--- Problem to solve ---
Only the text of the records belongs in the answer, copied exactly and without pictures.

--- Data shown ---
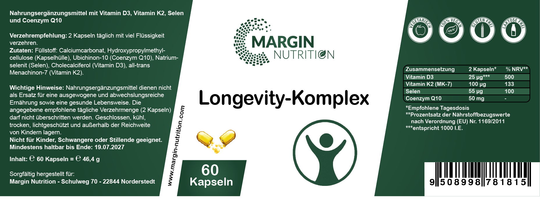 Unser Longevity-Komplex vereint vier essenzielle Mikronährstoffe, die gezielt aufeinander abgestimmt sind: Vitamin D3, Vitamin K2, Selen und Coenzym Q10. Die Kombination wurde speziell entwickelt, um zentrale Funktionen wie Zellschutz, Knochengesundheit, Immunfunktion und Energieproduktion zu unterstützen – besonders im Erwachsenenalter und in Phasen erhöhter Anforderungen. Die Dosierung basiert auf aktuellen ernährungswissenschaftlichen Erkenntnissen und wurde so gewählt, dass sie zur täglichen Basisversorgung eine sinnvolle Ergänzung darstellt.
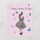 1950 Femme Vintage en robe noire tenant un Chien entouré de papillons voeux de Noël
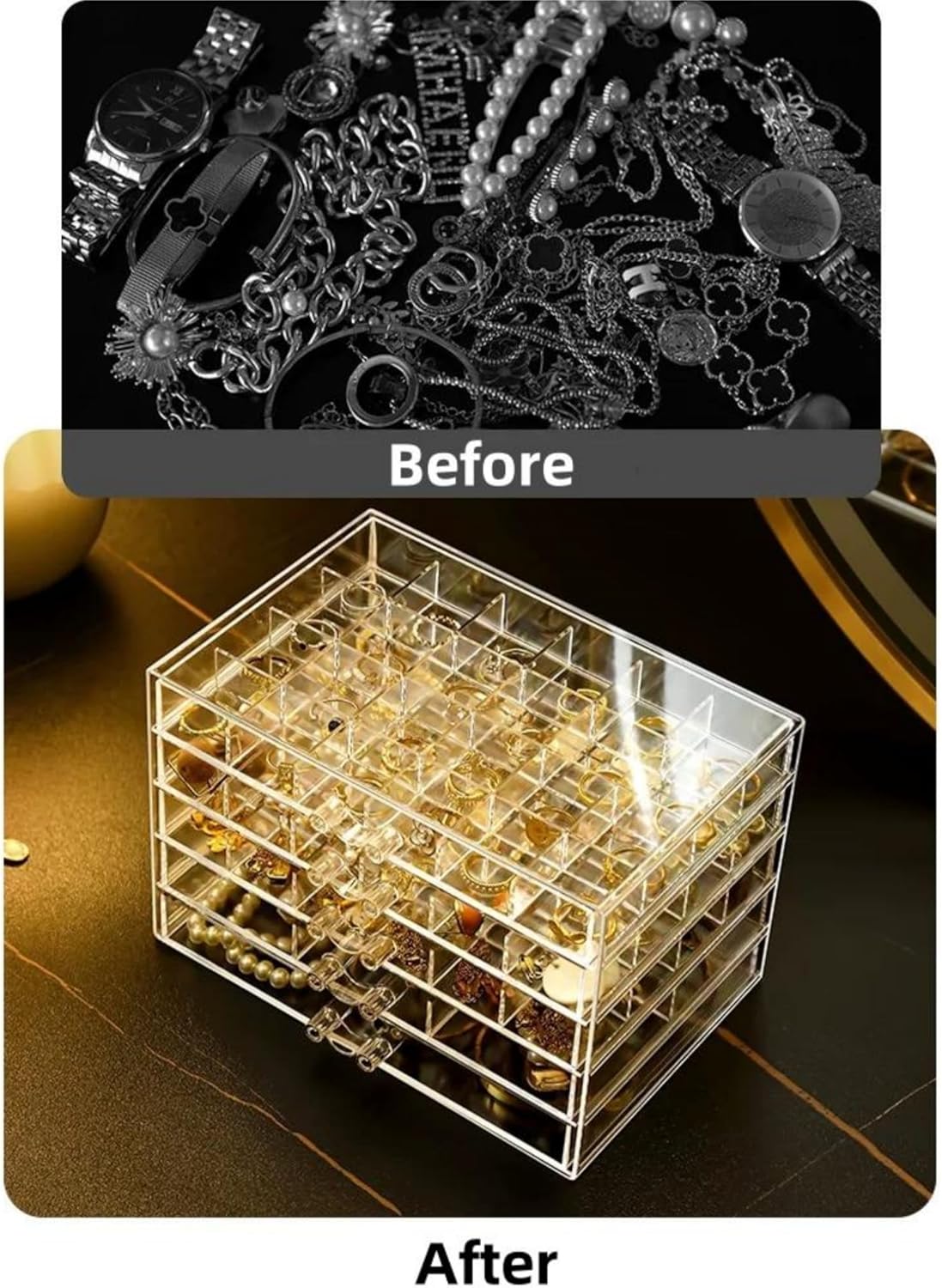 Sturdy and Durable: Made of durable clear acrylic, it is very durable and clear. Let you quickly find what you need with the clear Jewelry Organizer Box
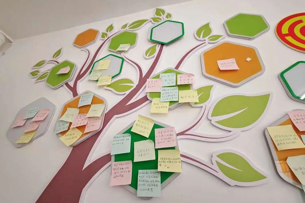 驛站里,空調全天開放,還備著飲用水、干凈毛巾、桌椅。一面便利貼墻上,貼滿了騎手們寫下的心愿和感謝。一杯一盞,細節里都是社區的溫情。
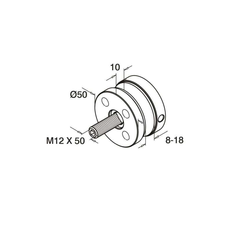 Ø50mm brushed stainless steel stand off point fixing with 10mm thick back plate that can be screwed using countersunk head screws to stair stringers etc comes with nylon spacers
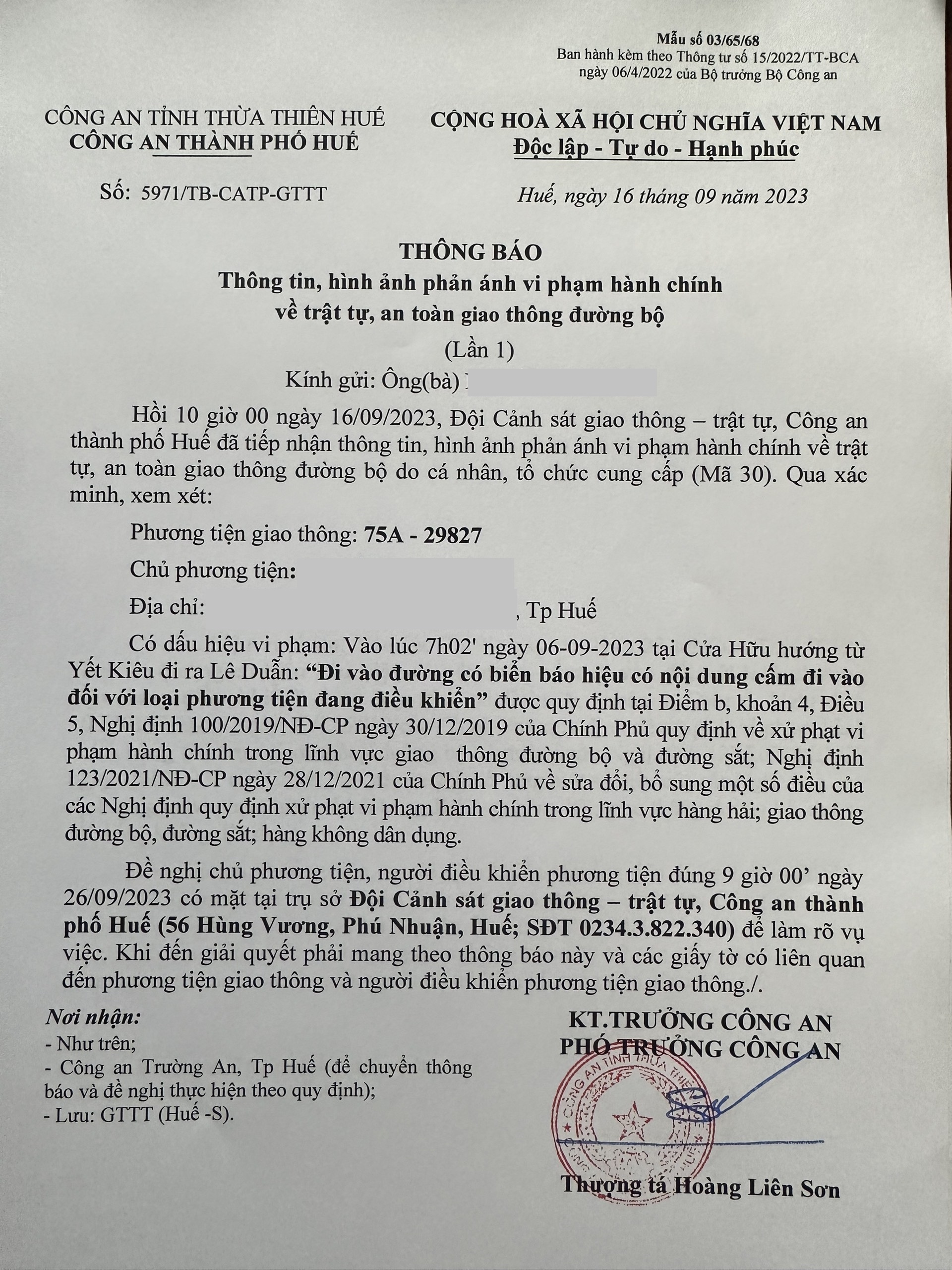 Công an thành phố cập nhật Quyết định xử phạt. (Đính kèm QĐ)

--- Finished task ---
 Unser Longevity-Komplex vereint vier essenzielle Mikronährstoffe, die gezielt aufeinander abgestimmt sind: Vitamin D3, Vitamin K2, Selen und Coenzym Q10. Die Kombination wurde speziell entwickelt, um zentrale Funktionen wie Zellschutz, Knochengesundheit, Immunfunktion und Energieproduktion zu unterstützen – besonders im Erwachsenenalter und in Phasen erhöhter Anforderungen. Die Dosierung basiert auf aktuellen ernährungswissenschaftlichen Erkenntnissen und wurde so gewählt, dass sie zur täglichen Basisversorgung eine sinnvolle Ergänzung darstellt.
 1950 Femme Vintage en robe noire tenant un Chien entouré de papillons voeux de Noël
 Sturdy and Durable: Made of durable clear acrylic, it is very durable and clear. Let you quickly find what you need with the clear Jewelry Organizer Box
 驛站里,空調全天開放,還備著飲用水、干凈毛巾、桌椅。一面便利貼墻上,貼滿了騎手們寫下的心愿和感謝。一杯一盞,細節里都是社區的溫情。
 Ø50mm brushed stainless steel stand off point fixing with 10mm thick back plate that can be screwed using countersunk head screws to stair stringers etc comes with nylon spacers
 Công an thành phố cập nhật Quyết định xử phạt. (Đính kèm QĐ)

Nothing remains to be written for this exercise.